There was a good safety profile for the PoNSTM device reported in the study. Factors to improve recruitment, screening, randomization and execution were identified and will be considered in the design of future MS studies. The results included a power analysis suggesting a sample size of 128 subjects (64 active, 64-sham) would be suitable for a definitive MS study.
“We are delighted with the findings that are consistent with prior studies. The fMRI data show that the PoNSTM may be changing the way the brain functions,” said Helius’ Chief Medical Officer, Dr. Jonathan Sackier. “Measuring brain activity and the changes taking place through fMRI is designed to determine in an objective way if, in fact, there are indications of neuroplastic change in the brain.”

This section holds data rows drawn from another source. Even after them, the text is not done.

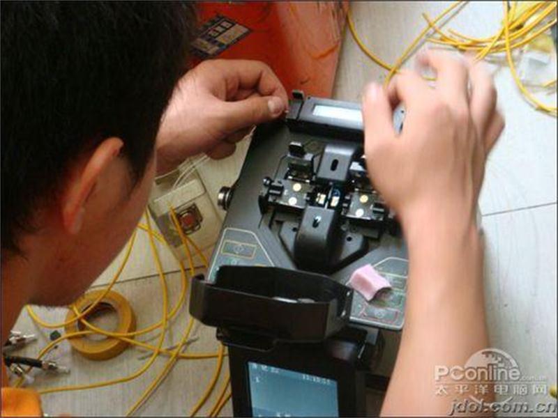 在我惊讶的时候,两个叔叔已经熟练的将光纤的保护皮给剥开了,然后把光纤接头挨个挨个的安装在光纤盘上,选好光纤的长度,接下来,就是进行另一边的光纤线用同样的方法把线剥开,取出最细的那根白色的,将上面的保护膜刮干净,在用专业的光纤线刀,将去减去多余的部分,在上面套一个白色的细管,作为保护的作用,两头要擦干净,分别放入光纤焊接机的两边,进行缝合。进过4-5秒钟的时候,会有两声滴滴的声音,就表示焊接好了,下面就可以对光纤保护管进行加热,最后就可以完成了。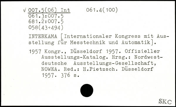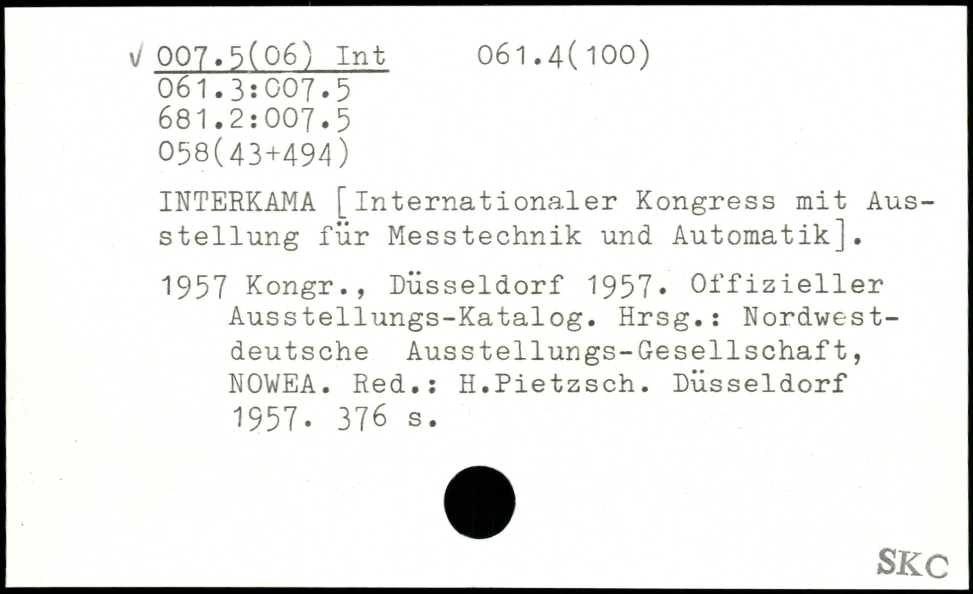 INTERKAMA [internationaler Kongress mit Ausstellung für Messtechnik und Automatik]. 1957 Kongr., Düsseldorf 1957, Offizieller Ausstellungs-Katalog. Hrsg.: Nordwestdeutsche Ausstellungs-Geseilschaft, NOWEA. Red.: H.Pietzsch. Düsseldorf 1957.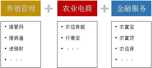 大型农业企业,结合农业生产信息化,也在布局农业金融。他们建立的业务体系主要有三个模块,一是向农户提供经营养殖信息系统,实现云端管理;二是开拓网上农资产品商城;三是金融服务。此外还有一些增值服务,例如养殖教育、市场资讯。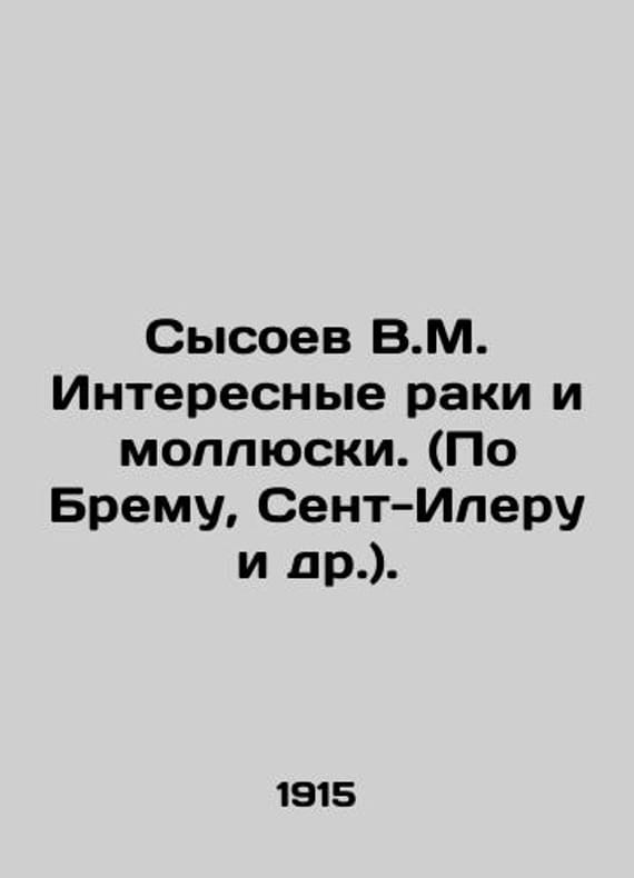 Sysoev V.M. Interesting crayfish and shellfish. (Po Brem, Saint-Hilaire et al.). In Russian /Sysoev V.M. Interesnye raki i mollyuski. (Po Bremu, Sent-Ileru i dr.). For family, school and self-education. Moscow, D.P. Efimov Publishing House, 1915, 64 p., 22.1x15 sm. We have thousands of titles and often several copies of each title may be available. Please feel free to contact us for a detailed description of the copies available. SKUalb5c0949f029789ee9.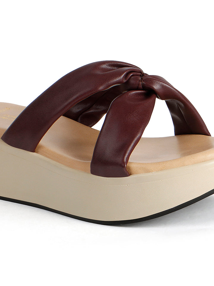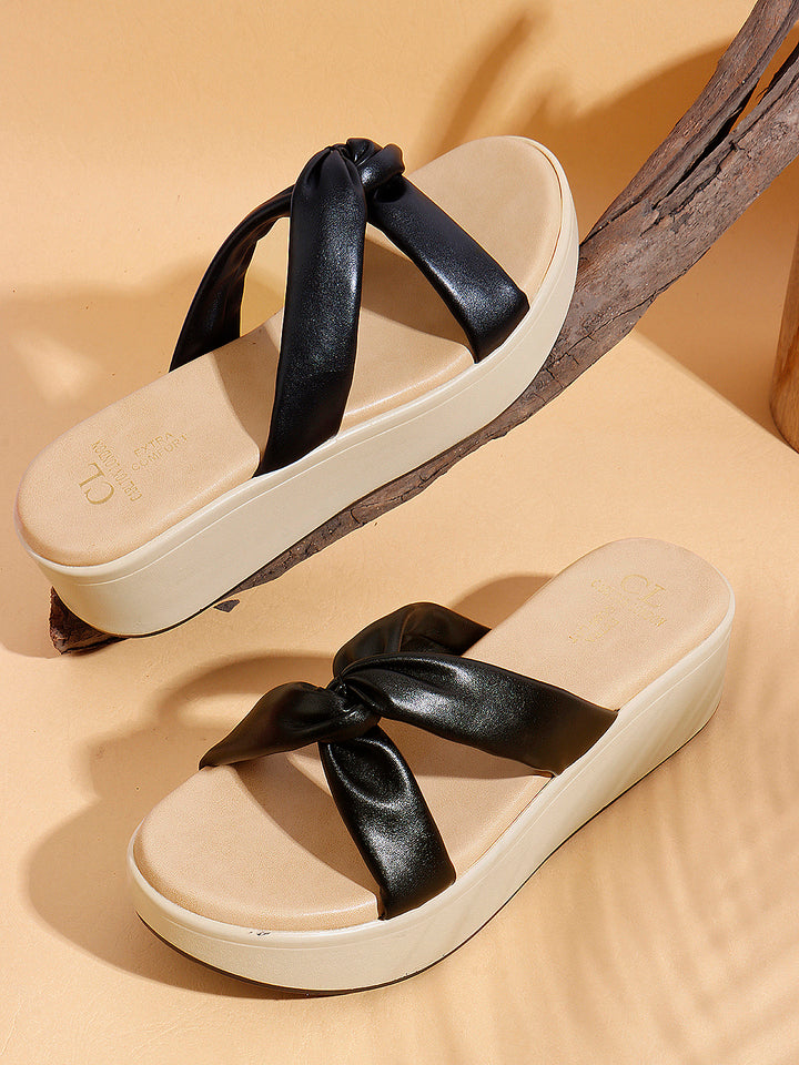 Women's Knot Detail Wedge Slide Sandals

“This is an exciting and promising development for our company, patients and the healthcare community. Addressing symptoms caused by MS has been a challenge for the medical community and we are excited to pursue PoNSTM as a potential therapeutic tool”, said Helius’ CEO, Philippe Deschamps. “We reached all the objectives of this study and are optimistic as we continue to advance the PoNSTM device through clinical trials.”
“The researchers from the Montreal Neurological Institute and Hospital are pleased with the execution of this study and are excited by the results as they point to a new frontier in research in brain injury rehabilitation. We are happy to be on the forefront of research that may bring this technology to patients in need,” said Dr. Gabriel Leonard, Principal Investigator for the study. Dr. Yves Lapierre and Dr. Alain Ptito from the Montreal Neurological Institute and Hospital joined Dr. Leonard as investigators in the study.
Helius would like to thank the study investigators Doctors Leonard, Ptito, and Lapierre, as well as study staff, subjects and founding scientists. The investigators and sponsor intend to submit study results for publication.
About Helius Medical Technologies (HMT)
Helius Medical Technologies is a medical technology company focused on neurological wellness. HMT seeks to develop, license and acquire unique and non-invasive platform technologies that amplify the brain’s ability to heal itself. HMT intends to file for U.S. Food and Drug Administration clearance for the PoNS™ device. For more information, please visit www.heliusmedical.com. The contents of this website are not, and should not be deemed to be, incorporated by reference herein.
About the Montreal Neurological Institute
The Montreal Neurological Institute and Hospital – (“The Neuro”) is a world-leading destination for brain research and advanced patient care. Since its founding in 1934 by renowned neurosurgeon Dr. Wilder Penfield, The Neuro has grown to be the largest specialized neuroscience research and clinical centers in Canada, and one of the largest in the world. The seamless integration of research, patient care, and training of the world’s top minds make The Neuro uniquely positioned to have a significant impact on the understanding and treatment of nervous system disorders. The Montreal Neurological Institute is a McGill University research and teaching institute. The Montreal Neurological Hospital is part of the Neuroscience Mission of the McGill University Health Centre.
About PERFORM Centre
PERFORM is a research centre, based in the Montreal community, with a distinct Concordia approach to healthy lifestyle management. It represents a significant and forward-thinking investment by the Quebec and Canadian governments as well as Concordia University in addressing the broader determinants of health.